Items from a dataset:
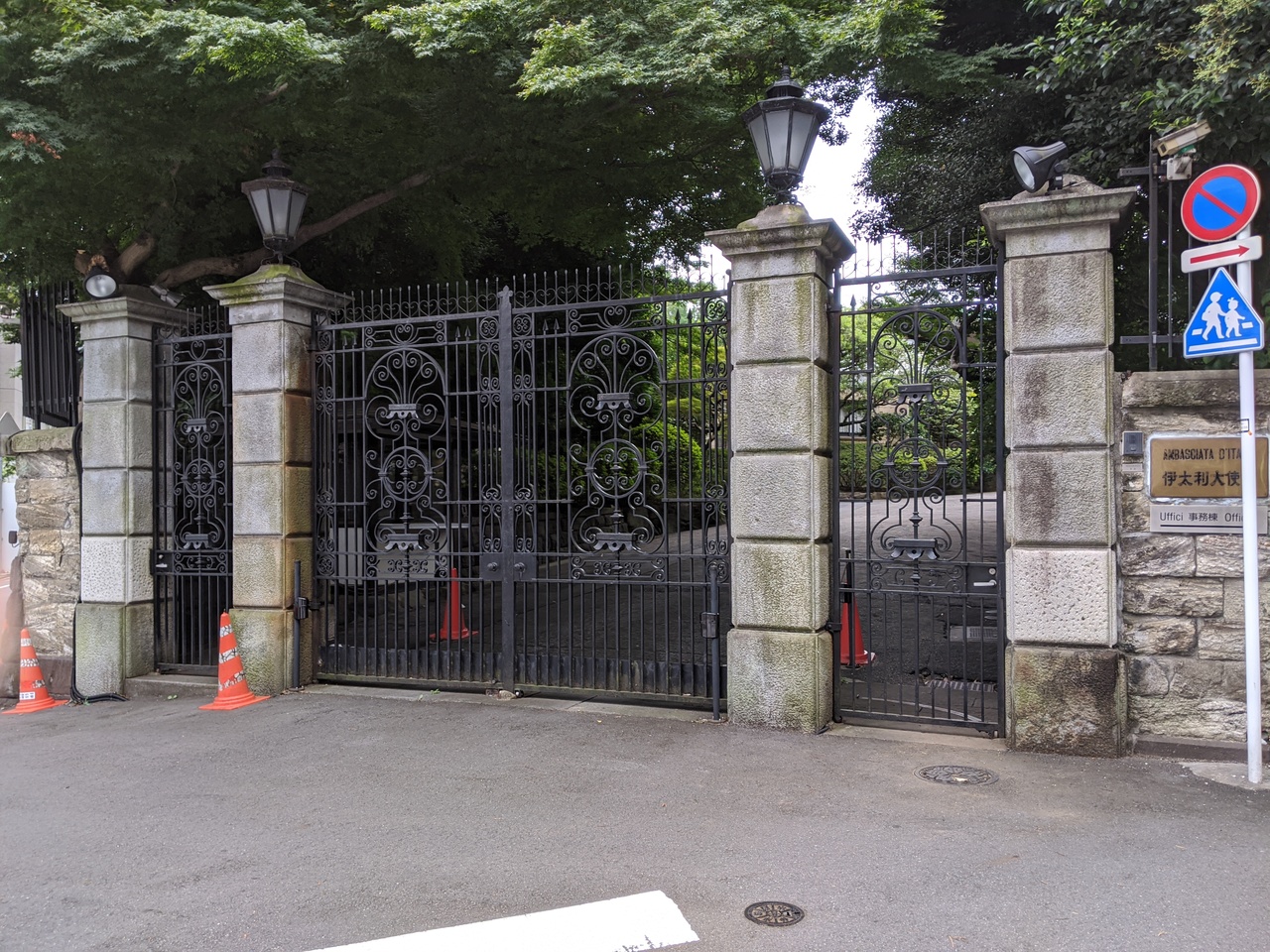 田町駅から歩いて10分程、桜田通りから少し入った閑静な高級住宅街にイタリア大使館はありました。かつて、この場所には旧伊予松山藩の中屋敷があり、歴史的には忠臣蔵で知られる大石内蔵助良雄の息子である大石主税ら10名が切腹した場所としても有名なようです。広い敷地に大使館はありましたが、高い塀と木々に囲まれていて昼間でも薄暗い雰囲気の場所で寂しい感じでした。
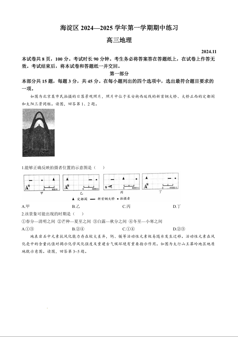 北京市海淀区2025届高三上学期期中考试地理
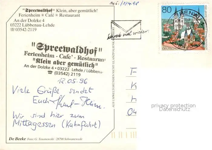 Lehde Ferienheim Spreewaldhof Caf? Restaurant Lehde postalisch gelaufen 1998 Erhaltung siehe scans [LiesaD40] LiesID40
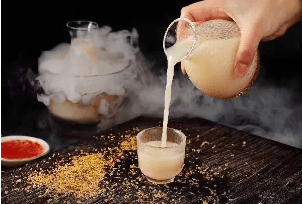 除瞭前面提到的兩款菜品,火宮殿市府店在飲品創新上也有自己獨到的見解。比如,為滿足年輕人獵奇的需求,研發出一款網紅飲品桂花釀米酒,酒精濃度不高,甜味不重,吃到嘴裡是糯糯的口感,幹冰呈現煙霧繚繞的氛圍,有客人品嘗後連點十紮。飲品做得好,不但能提升餐廳的美譽度,還能有效提高餐廳利潤。
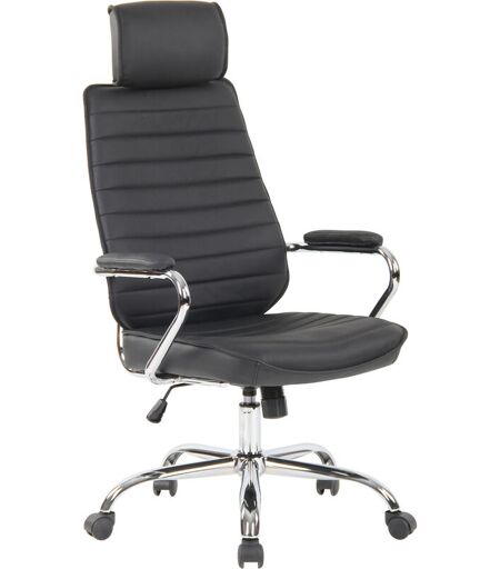 Sedia da ufficio Rako in vera pelle La sedia direzionale Rako è una sedia da ufficio con un rivestimento di altissima qualità e un look moderno. La fodera in vera pelle non solo è molto bella, ma è anche particolarmente robusta e di facile manutenzione. Una stabile struttura in metallo dall'aspetto cromato garantisce un appoggio sicuro. L'altezza del sedile è regolabile senza bloccaggio e garantisce una seduta ergonomica. Il meccanismo basculante integrato garantisce inoltre una maggiore libertà di movimento. La sedia girevole Rako poggia saldamente su cinque ruote scorrevoli. Che si tratti di pavimenti duri o in moquette, sarai sempre in grado di spostare la seduta facilmente e liberamente sul pavimento. Materiale del rivestimento: 100% vera pelle Misure ca.: Altezza totale: 117 - 128 cm Larghezza totale: 59 cm Profondità totale: 57 cm Capacità di carico: 120 kg Altezza seduta: 46 - 57 cm Superficie seduta (LxP): 50 x 45 cm Altezza schienale: 54 cm Altezza testiera: 8 cm Altezza ...
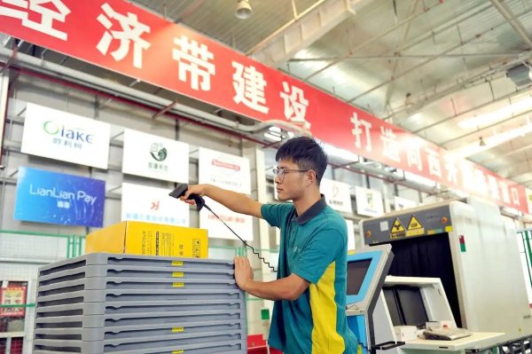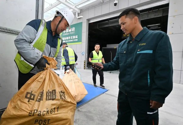 在新疆霍爾果斯國(guó)際郵件交換站,中國(guó)郵政工作人員(右一)在為即將交換到哈薩克斯坦郵政的郵包掃碼轉(zhuǎn)運(yùn)。據(jù)了解,霍爾果斯國(guó)際郵件交換站于2022年7月正式運(yùn)營(yíng),以進(jìn)出口物流渠道為支持,為跨境電商產(chǎn)業(yè)鏈上下游提供倉(cāng)儲(chǔ)和快遞物流綜合解決方案。承運(yùn)中國(guó)至中亞多國(guó)、俄羅斯以及歐洲國(guó)家的出口國(guó)際郵件。3年來(lái),累計(jì)國(guó)際郵件交換量2026噸(9月11日攝)。新華社記者 李賀 攝
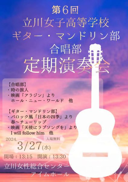 こんにちは!ギター・マンドリン部です。 11月12日(日)、ららぽーと立川立飛で演奏させていただきます。
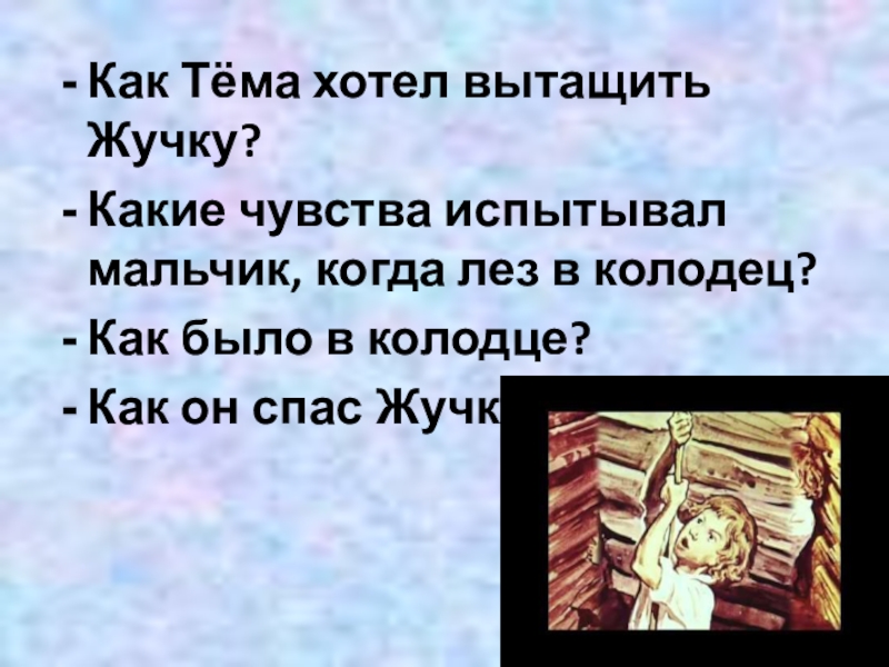 Как Тёма хотел вытащить Жучку?Какие чувства испытывал мальчик, когда лез в колодец?Как было в колодце?Как он спас
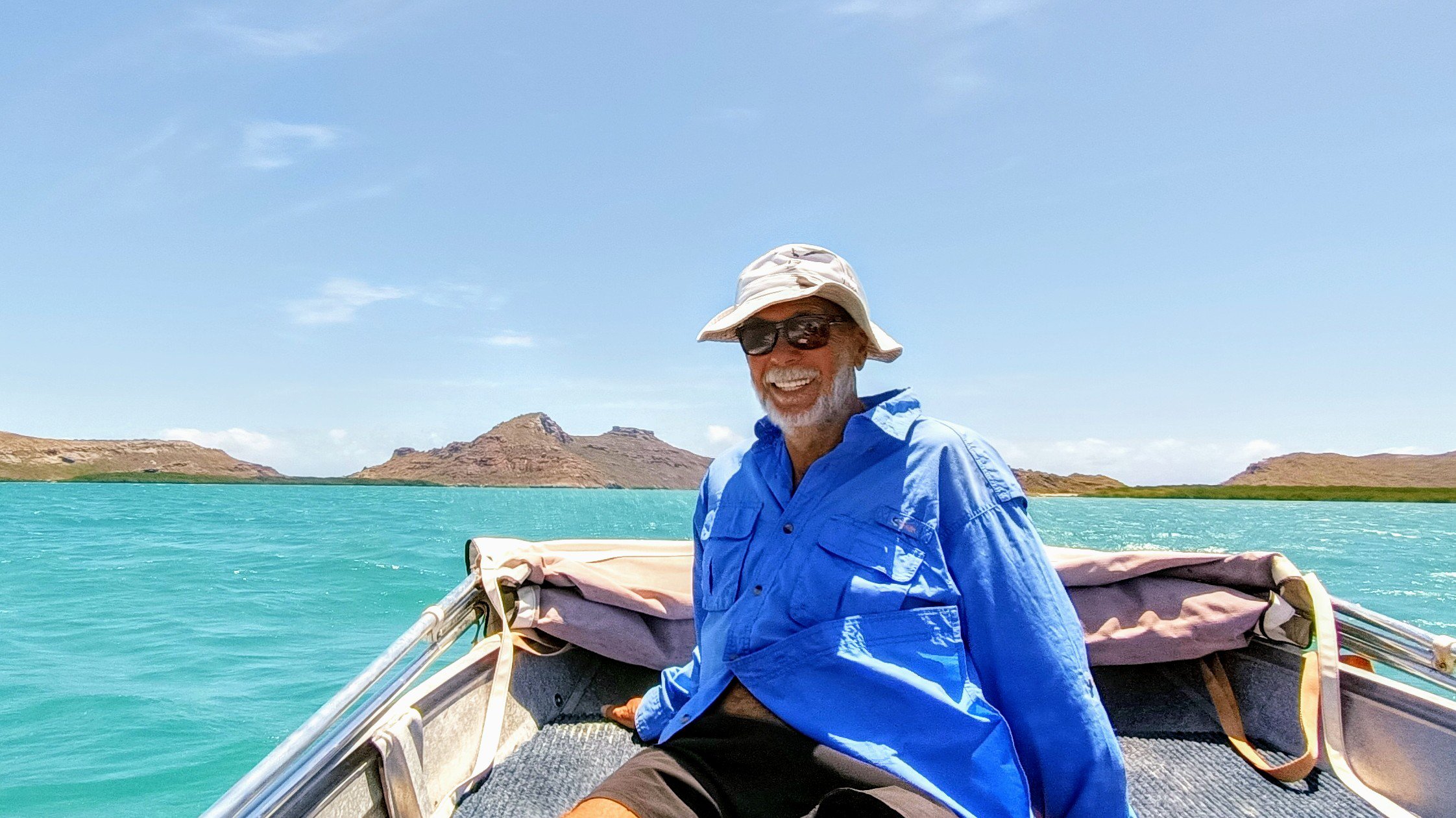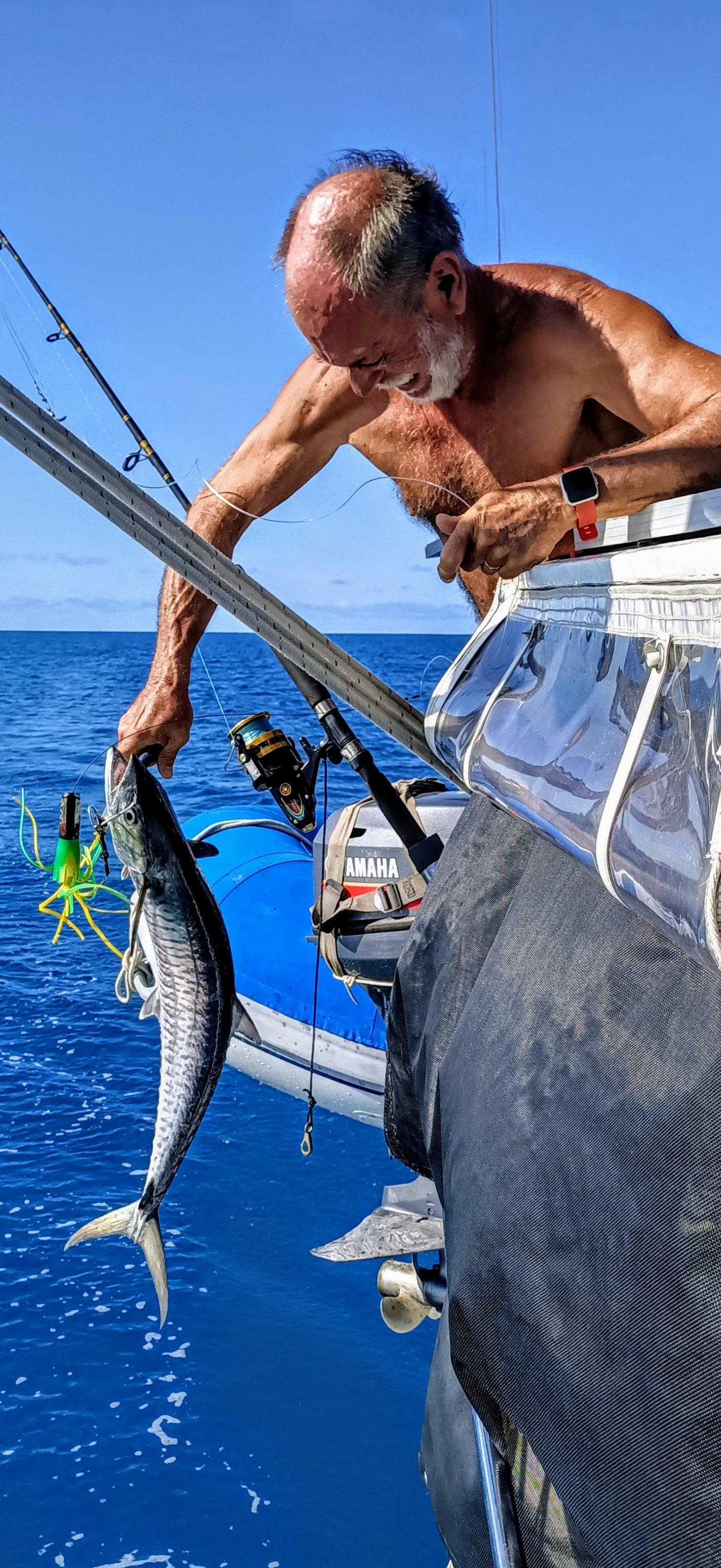 The strong winds picked up during the day, so by the time we motored back down the channel between the two islands, it was only John’s skills as an experienced surfer that prevented the dinghy broaching in the scary swells.

→ **Aim of the exercise**: Each entry is to be transcribed verbatim, and any picture in it is to be skipped.

→ **Task result**:
 田町駅から歩いて10分程、桜田通りから少し入った閑静な高級住宅街にイタリア大使館はありました。かつて、この場所には旧伊予松山藩の中屋敷があり、歴史的には忠臣蔵で知られる大石内蔵助良雄の息子である大石主税ら10名が切腹した場所としても有名なようです。広い敷地に大使館はありましたが、高い塀と木々に囲まれていて昼間でも薄暗い雰囲気の場所で寂しい感じでした。
 北京市海淀区2025届高三上学期期中考试地理
 Lehde Ferienheim Spreewaldhof Caf? Restaurant Lehde postalisch gelaufen 1998 Erhaltung siehe scans [LiesaD40] LiesID40
 除瞭前面提到的兩款菜品,火宮殿市府店在飲品創新上也有自己獨到的見解。比如,為滿足年輕人獵奇的需求,研發出一款網紅飲品桂花釀米酒,酒精濃度不高,甜味不重,吃到嘴裡是糯糯的口感,幹冰呈現煙霧繚繞的氛圍,有客人品嘗後連點十紮。飲品做得好,不但能提升餐廳的美譽度,還能有效提高餐廳利潤。
 Sedia da ufficio Rako in vera pelle La sedia direzionale Rako è una sedia da ufficio con un rivestimento di altissima qualità e un look moderno. La fodera in vera pelle non solo è molto bella, ma è anche particolarmente robusta e di facile manutenzione. Una stabile struttura in metallo dall'aspetto cromato garantisce un appoggio sicuro. L'altezza del sedile è regolabile senza bloccaggio e garantisce una seduta ergonomica. Il meccanismo basculante integrato garantisce inoltre una maggiore libertà di movimento. La sedia girevole Rako poggia saldamente su cinque ruote scorrevoli. Che si tratti di pavimenti duri o in moquette, sarai sempre in grado di spostare la seduta facilmente e liberamente sul pavimento. Materiale del rivestimento: 100% vera pelle Misure ca.: Altezza totale: 117 - 128 cm Larghezza totale: 59 cm Profondità totale: 57 cm Capacità di carico: 120 kg Altezza seduta: 46 - 57 cm Superficie seduta (LxP): 50 x 45 cm Altezza schienale: 54 cm Altezza testiera: 8 cm Altezza ...
 在新疆霍爾果斯國(guó)際郵件交換站,中國(guó)郵政工作人員(右一)在為即將交換到哈薩克斯坦郵政的郵包掃碼轉(zhuǎn)運(yùn)。據(jù)了解,霍爾果斯國(guó)際郵件交換站于2022年7月正式運(yùn)營(yíng),以進(jìn)出口物流渠道為支持,為跨境電商產(chǎn)業(yè)鏈上下游提供倉(cāng)儲(chǔ)和快遞物流綜合解決方案。承運(yùn)中國(guó)至中亞多國(guó)、俄羅斯以及歐洲國(guó)家的出口國(guó)際郵件。3年來(lái),累計(jì)國(guó)際郵件交換量2026噸(9月11日攝)。新華社記者 李賀 攝
 こんにちは!ギター・マンドリン部です。 11月12日(日)、ららぽーと立川立飛で演奏させていただきます。
 Как Тёма хотел вытащить Жучку?Какие чувства испытывал мальчик, когда лез в колодец?Как было в колодце?Как он спас
 The strong winds picked up during the day, so by the time we motored back down the channel between the two islands, it was only John’s skills as an experienced surfer that prevented the dinghy broaching in the scary swells.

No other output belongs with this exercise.